* _ACTION ITEM_
Return only the lines from the one that contains "The open-plan space" through the last line of the records below, exactly as they stand. Pictures are not part of the copy.

++++ THE DATA

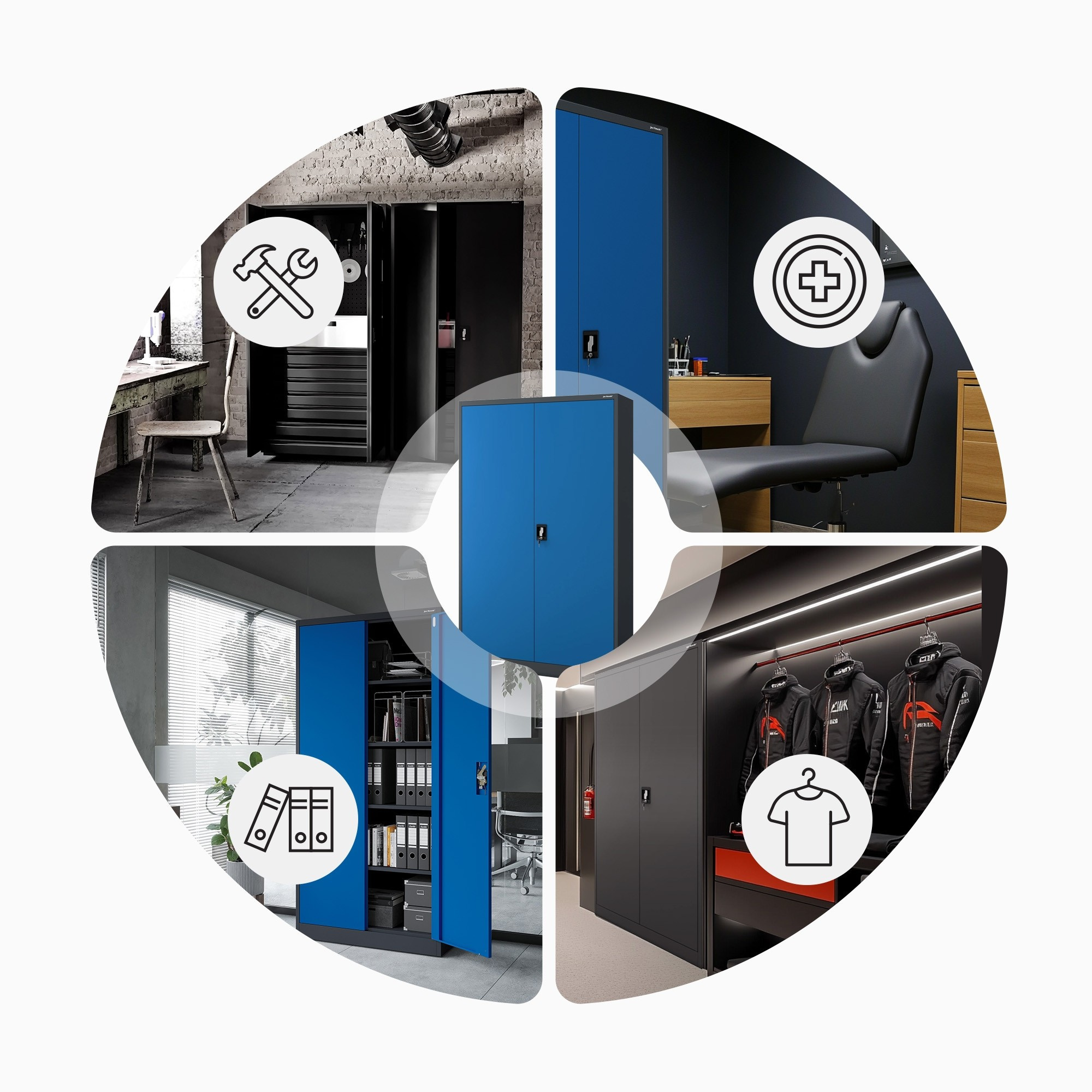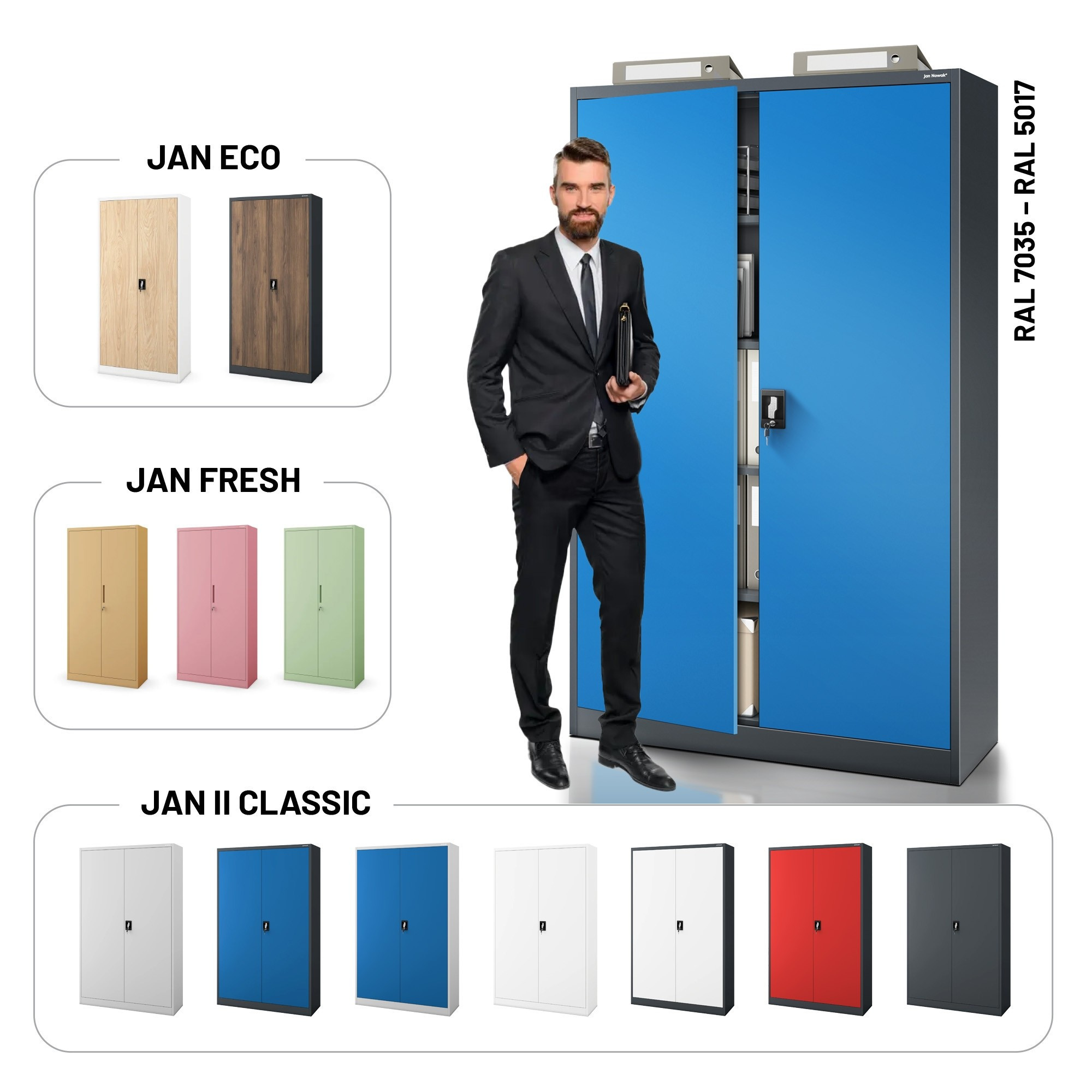 A JAN II szekrény úgy lett tervezve, hogy széles körű követelményeknek feleljen meg. Akár irodában, egészségügyi intézményben, műhelyben vagy otthon van rá szüksége, mindig tökéletesen alkalmazkodik az igényeihez. Robusztus felépítése és átgondolt kialakítása garantálja a hosszú élettartamot és a problémamentes használatot.
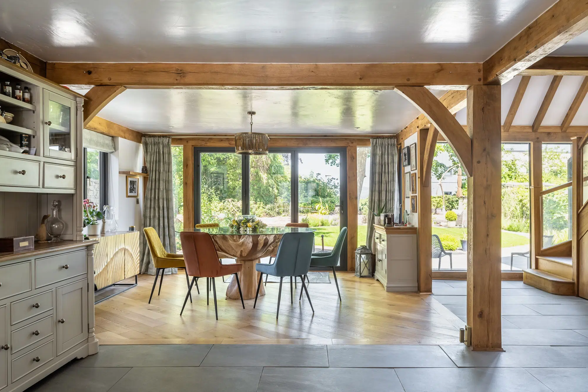 The open-plan space is zoned by the post and beam structure and the visual mix of slate and wood flooring from R M Jones Joinery
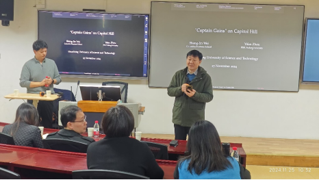12月25日上午,喻园管理论坛2024年第100期(总第1032期)在Bevictor伟德121教室举行。复旦大学助理教授以“Captain Gains on Capitol Hill”为题进行了一场精彩的学术讲座,与参会人员进行了交流探讨。本次论坛由Bevictor伟德计算金融系主任薛明皋教授主持。
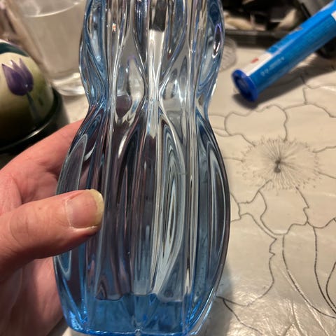 Jiri Brabecin suunnittelema lasimaljakko, jonka korkeus on noin 19,5 cm. Valmistettu Sklo union Rosicen lasitehtaalla Tšekkoslovakissa.
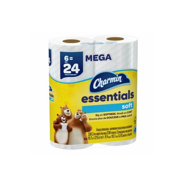 Charmin Essentials, 6 pack, Soft toilet paper 6 Mega Rolls per package 330 sheets per roll

++++++++

* _RESPONSE BOX_
 The open-plan space is zoned by the post and beam structure and the visual mix of slate and wood flooring from R M Jones Joinery
12月25日上午,喻园管理论坛2024年第100期(总第1032期)在Bevictor伟德121教室举行。复旦大学助理教授以“Captain Gains on Capitol Hill”为题进行了一场精彩的学术讲座,与参会人员进行了交流探讨。本次论坛由Bevictor伟德计算金融系主任薛明皋教授主持。
 Jiri Brabecin suunnittelema lasimaljakko, jonka korkeus on noin 19,5 cm. Valmistettu Sklo union Rosicen lasitehtaalla Tšekkoslovakissa.
 Charmin Essentials, 6 pack, Soft toilet paper 6 Mega Rolls per package 330 sheets per roll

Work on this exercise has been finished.